> MATERIAL FOR THIS TASK
--- START ---

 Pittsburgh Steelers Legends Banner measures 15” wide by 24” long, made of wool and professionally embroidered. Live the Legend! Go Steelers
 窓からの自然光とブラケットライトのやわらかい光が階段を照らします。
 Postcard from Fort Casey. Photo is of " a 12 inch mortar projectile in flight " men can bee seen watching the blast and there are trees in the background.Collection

--- END ---
--- START ---

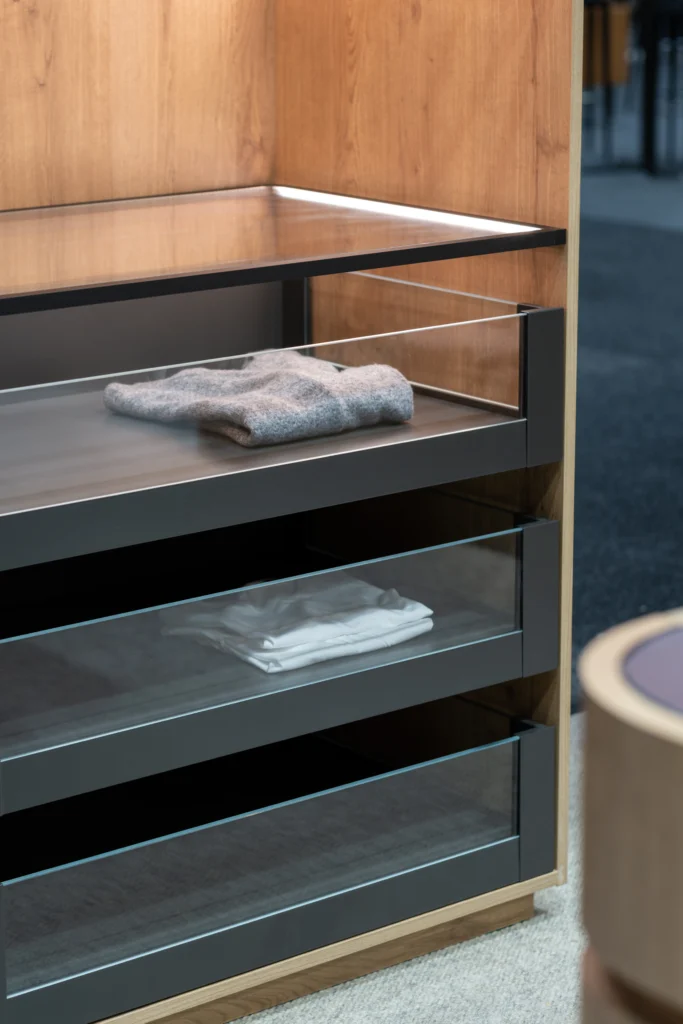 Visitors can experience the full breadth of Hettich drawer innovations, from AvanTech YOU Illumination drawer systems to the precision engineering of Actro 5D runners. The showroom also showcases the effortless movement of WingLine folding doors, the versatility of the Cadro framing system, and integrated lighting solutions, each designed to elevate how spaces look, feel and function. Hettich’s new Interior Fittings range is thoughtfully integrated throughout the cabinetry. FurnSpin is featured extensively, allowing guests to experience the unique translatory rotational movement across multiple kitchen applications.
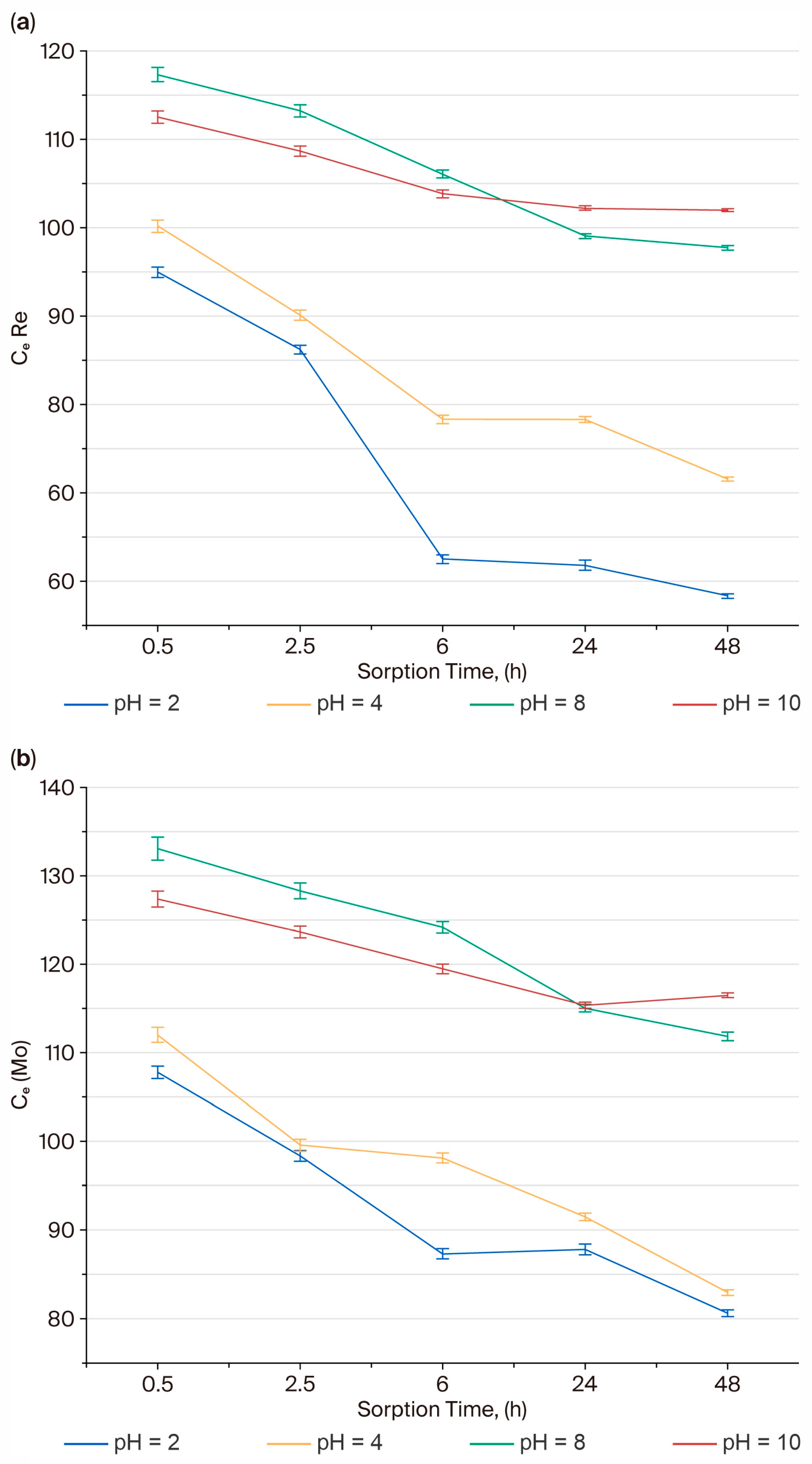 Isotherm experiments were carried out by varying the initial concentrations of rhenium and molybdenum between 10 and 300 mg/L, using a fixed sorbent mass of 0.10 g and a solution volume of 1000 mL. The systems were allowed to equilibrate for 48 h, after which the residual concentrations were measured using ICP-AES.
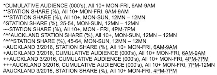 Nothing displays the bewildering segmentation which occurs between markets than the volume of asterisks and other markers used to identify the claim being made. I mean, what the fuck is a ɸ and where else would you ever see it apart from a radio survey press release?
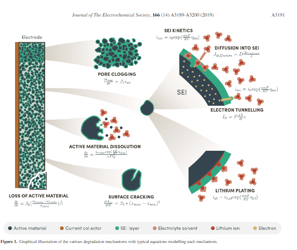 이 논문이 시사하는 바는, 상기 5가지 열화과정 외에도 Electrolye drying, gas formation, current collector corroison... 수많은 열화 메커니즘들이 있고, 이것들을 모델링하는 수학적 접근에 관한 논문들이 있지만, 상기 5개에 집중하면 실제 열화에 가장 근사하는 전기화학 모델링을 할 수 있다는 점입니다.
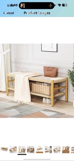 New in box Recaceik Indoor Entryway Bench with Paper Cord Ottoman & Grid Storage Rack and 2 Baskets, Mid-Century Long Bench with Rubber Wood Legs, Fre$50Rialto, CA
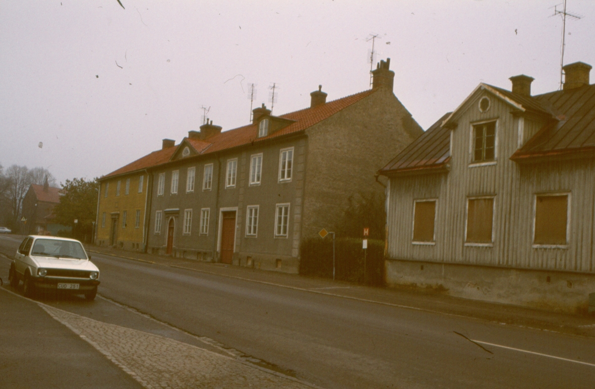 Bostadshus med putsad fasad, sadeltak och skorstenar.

--- END ---
--- START ---

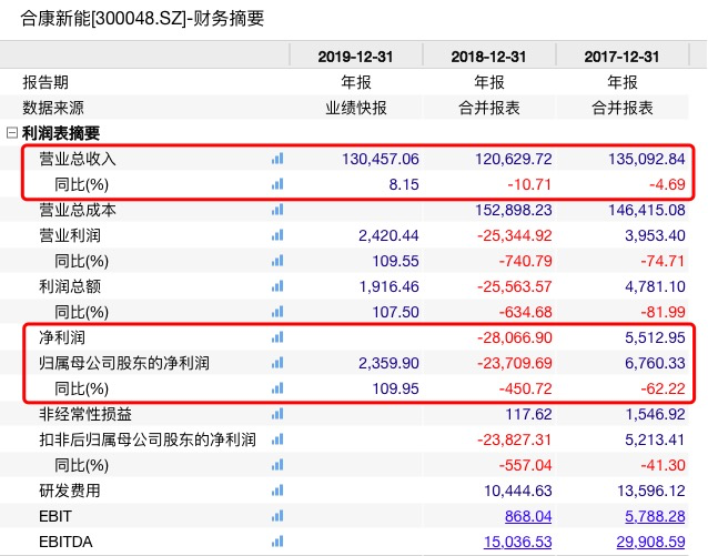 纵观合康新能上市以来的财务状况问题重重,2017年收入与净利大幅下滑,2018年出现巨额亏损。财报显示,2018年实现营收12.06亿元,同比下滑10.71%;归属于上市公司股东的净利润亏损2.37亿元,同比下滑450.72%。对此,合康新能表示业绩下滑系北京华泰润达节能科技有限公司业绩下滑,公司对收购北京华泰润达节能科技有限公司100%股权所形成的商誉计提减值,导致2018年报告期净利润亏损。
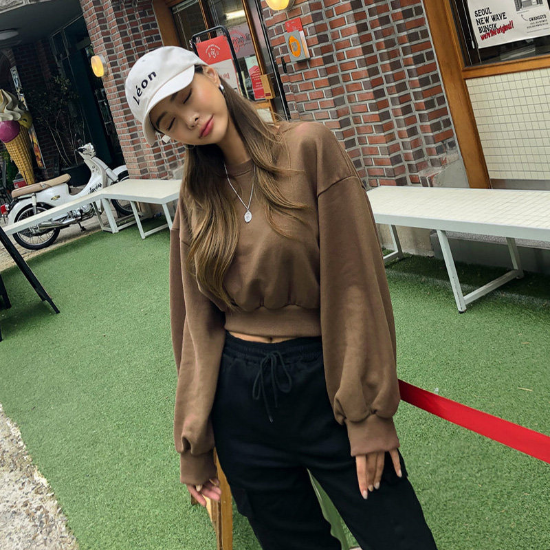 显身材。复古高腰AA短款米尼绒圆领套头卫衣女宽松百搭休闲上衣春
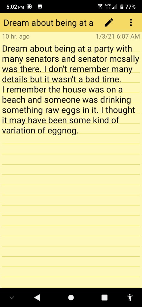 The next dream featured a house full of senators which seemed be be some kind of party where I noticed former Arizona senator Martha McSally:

--- END ---

> ABOUT THIS TASK
Output only the lines above from the one containing "显身材。复古高腰AA短款米尼绒圆领套头卫衣女宽松百搭休闲上衣春" to the one containing "The next dream", both included, exactly as written and with no pictures.

> WRITTEN ANSWER
 显身材。复古高腰AA短款米尼绒圆领套头卫衣女宽松百搭休闲上衣春
 The next dream featured a house full of senators which seemed be be some kind of party where I noticed former Arizona senator Martha McSally:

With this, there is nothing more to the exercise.